EXERCISE DATA:
──────────────────────────────
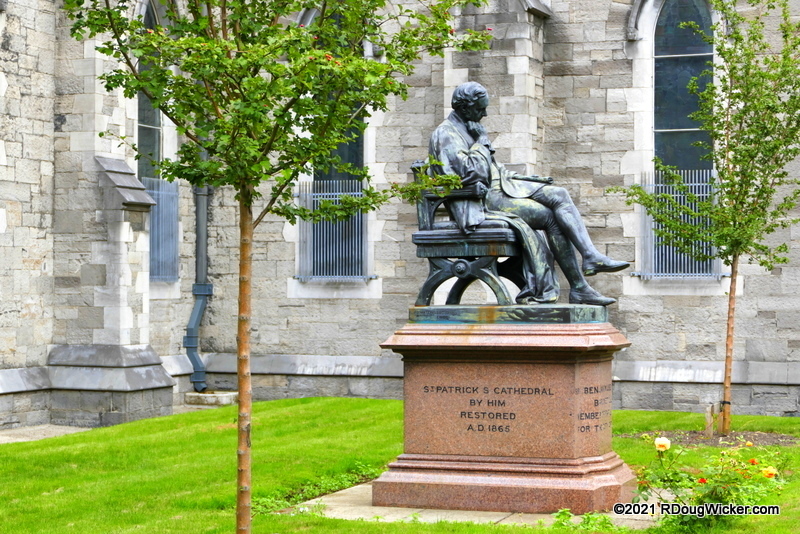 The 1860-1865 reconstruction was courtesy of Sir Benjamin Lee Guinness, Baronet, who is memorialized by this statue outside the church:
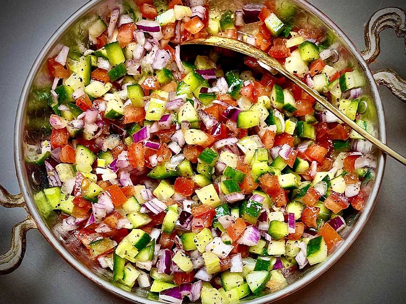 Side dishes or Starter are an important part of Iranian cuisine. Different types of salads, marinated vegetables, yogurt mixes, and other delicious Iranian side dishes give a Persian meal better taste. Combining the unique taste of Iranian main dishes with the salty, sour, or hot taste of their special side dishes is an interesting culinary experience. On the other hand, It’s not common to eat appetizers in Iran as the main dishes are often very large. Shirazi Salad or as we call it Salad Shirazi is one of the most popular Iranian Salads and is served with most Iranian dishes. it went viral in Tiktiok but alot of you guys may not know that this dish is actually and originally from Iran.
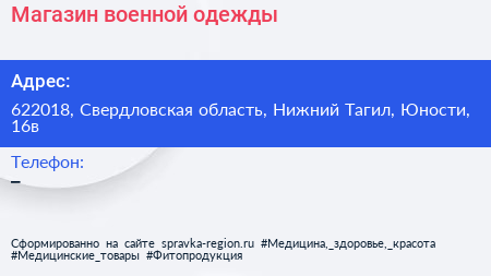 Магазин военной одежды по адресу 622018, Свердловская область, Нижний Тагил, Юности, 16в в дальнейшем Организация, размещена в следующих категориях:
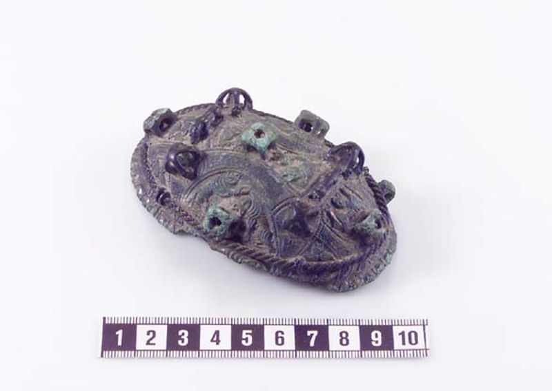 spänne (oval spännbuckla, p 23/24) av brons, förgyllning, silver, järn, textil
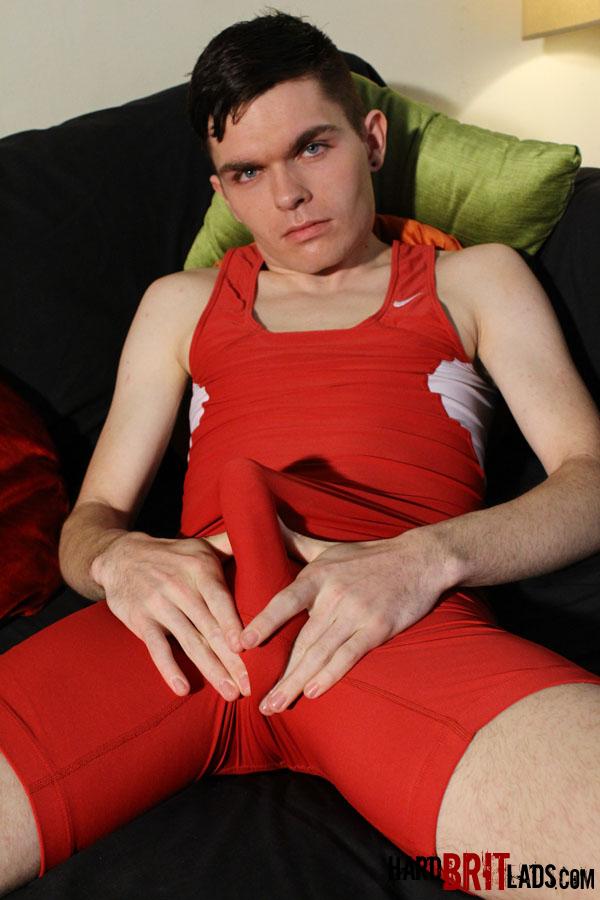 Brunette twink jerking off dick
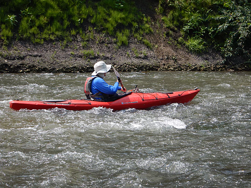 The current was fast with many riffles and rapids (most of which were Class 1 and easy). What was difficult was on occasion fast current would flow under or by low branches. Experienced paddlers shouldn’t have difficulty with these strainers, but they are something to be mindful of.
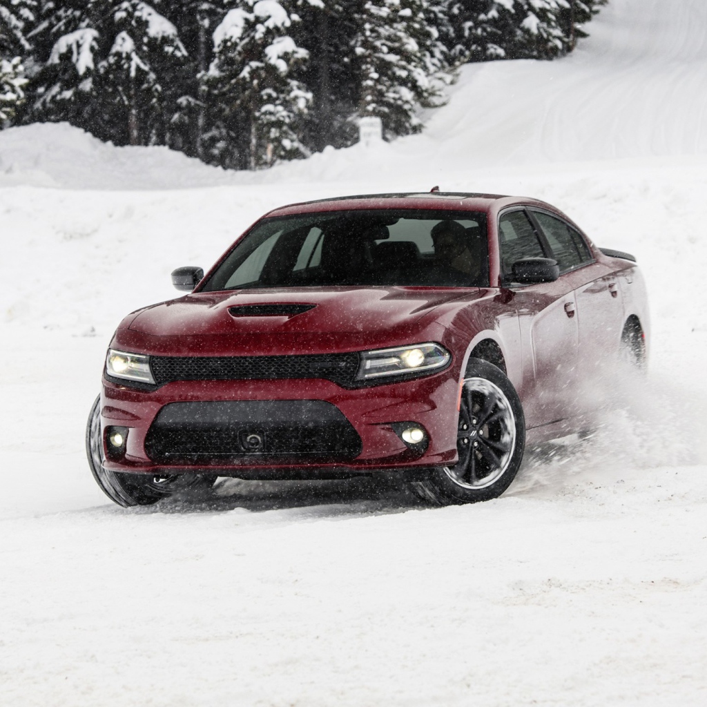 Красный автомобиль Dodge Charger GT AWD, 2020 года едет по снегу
──────────────────────────────
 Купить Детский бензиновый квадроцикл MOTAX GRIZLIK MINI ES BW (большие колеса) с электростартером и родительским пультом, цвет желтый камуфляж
──────────────────────────────
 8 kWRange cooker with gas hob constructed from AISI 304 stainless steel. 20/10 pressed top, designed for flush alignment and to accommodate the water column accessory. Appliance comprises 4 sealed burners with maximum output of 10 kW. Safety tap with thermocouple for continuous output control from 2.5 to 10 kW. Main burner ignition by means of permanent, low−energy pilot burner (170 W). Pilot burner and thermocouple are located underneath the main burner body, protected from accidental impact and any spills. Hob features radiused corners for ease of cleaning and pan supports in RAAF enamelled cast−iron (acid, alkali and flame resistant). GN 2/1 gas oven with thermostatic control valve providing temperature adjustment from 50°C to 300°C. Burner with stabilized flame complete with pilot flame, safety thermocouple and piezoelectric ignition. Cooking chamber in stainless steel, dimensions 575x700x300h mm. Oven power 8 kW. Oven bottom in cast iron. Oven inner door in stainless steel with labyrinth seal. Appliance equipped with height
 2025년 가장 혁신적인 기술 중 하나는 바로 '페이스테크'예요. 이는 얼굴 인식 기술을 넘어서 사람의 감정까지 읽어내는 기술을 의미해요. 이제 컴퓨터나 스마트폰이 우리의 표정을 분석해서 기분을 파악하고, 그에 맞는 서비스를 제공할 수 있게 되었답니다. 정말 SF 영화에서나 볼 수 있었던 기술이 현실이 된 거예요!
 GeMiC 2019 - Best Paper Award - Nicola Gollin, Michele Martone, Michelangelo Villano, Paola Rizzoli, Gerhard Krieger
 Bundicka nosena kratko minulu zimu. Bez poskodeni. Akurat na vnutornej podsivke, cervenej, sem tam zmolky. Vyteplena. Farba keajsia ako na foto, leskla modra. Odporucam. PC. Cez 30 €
──────────────────────────────
THE TASK:
Copy exactly the material above from the line with "spänne (oval spännbuckla, p" to the line with "Красный автомобиль Dodge", ends included, and nothing else. Leave out any picture.

EXPECTED OUTPUT:
 spänne (oval spännbuckla, p 23/24) av brons, förgyllning, silver, järn, textil
 Brunette twink jerking off dick
 The current was fast with many riffles and rapids (most of which were Class 1 and easy). What was difficult was on occasion fast current would flow under or by low branches. Experienced paddlers shouldn’t have difficulty with these strainers, but they are something to be mindful of.
 Красный автомобиль Dodge Charger GT AWD, 2020 года едет по снегу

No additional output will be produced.